3. Emergence Of Statistics As A Field

3.1 the role of world war ii.

Perhaps the greatest catalysts to the emergence of statistics as a field were two major social events: the Great Depression of the 1930s and World War II. In the United States, one of the responses to the depression was the development of large-scale probability-based surveys to measure employment and unemployment. This was followed by the institutionalization of sampling as part of the 1940 US decennial census. But with World War II raging in Europe and in Asia, mathematicians and statisticians were drawn into the war effort, and as a consequence they turned their attention to a broad array of new problems. In particular, multiple statistical groups were established in both England and the US specifically to develop new methods and to provide consulting. (See Wallis 1980, on statistical groups in the US; Barnard and Plackett 1985, for related efforts in the United Kingdom; and Fienberg 1985). These groups not only created imaginative new techniques such as sequential analysis and statistical decision theory, but they also developed a shared research agenda. That agenda led to a blossoming of statistics after the war, and in the 1950s and 1960s to the creation of departments of statistics at universities—from coast to coast in the US, and to a lesser extent in England and elsewhere.

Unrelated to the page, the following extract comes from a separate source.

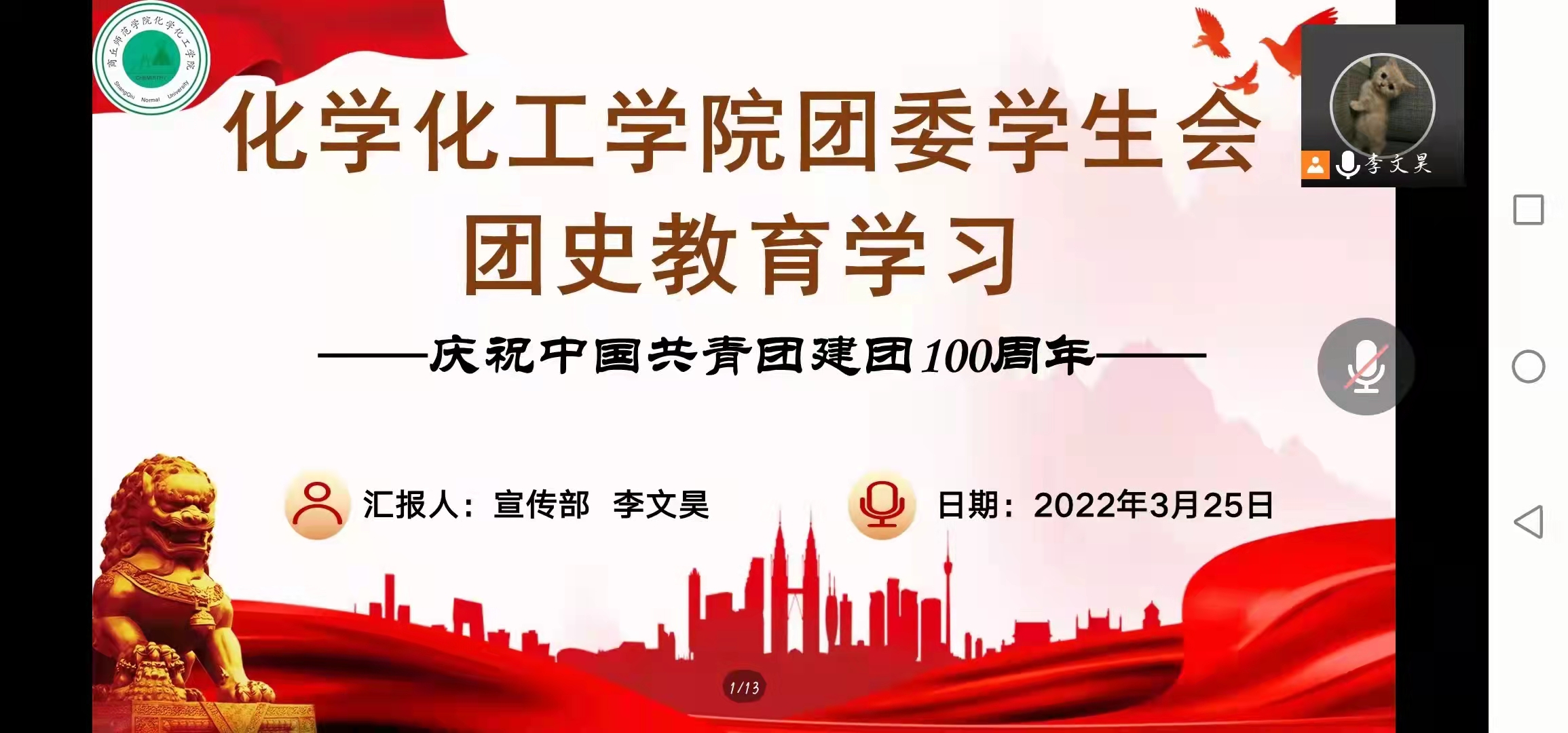 为深化团学干部对团史的认识,进一步强化对团组织的认识,3月25日,beat365英国官网网站团委学生会开展线上会议,进行百年团史学习教育。会议由院学生会宣传部负责人李文昊主持,院团委学生会全体成员参加。

3.2 The Neo-Bayesian Revival

Although inverse probability came under challenge in the 1920s and 1930s, it was not totally abandoned. John Maynard Keynes (1921) wrote A Treatise on Probability that was rooted in this tradition, and Frank Ramsey (1926) provided an early effort at justifying the subjective nature of prior distributions and suggested the importance of utility functions as an adjunct to statistical inference. Bruno de Finetti provided further development of these ideas in the 1930s, while Harold Jeffreys (1938) created a separate ‘objective’ development of these and other statistical ideas on inverse probability.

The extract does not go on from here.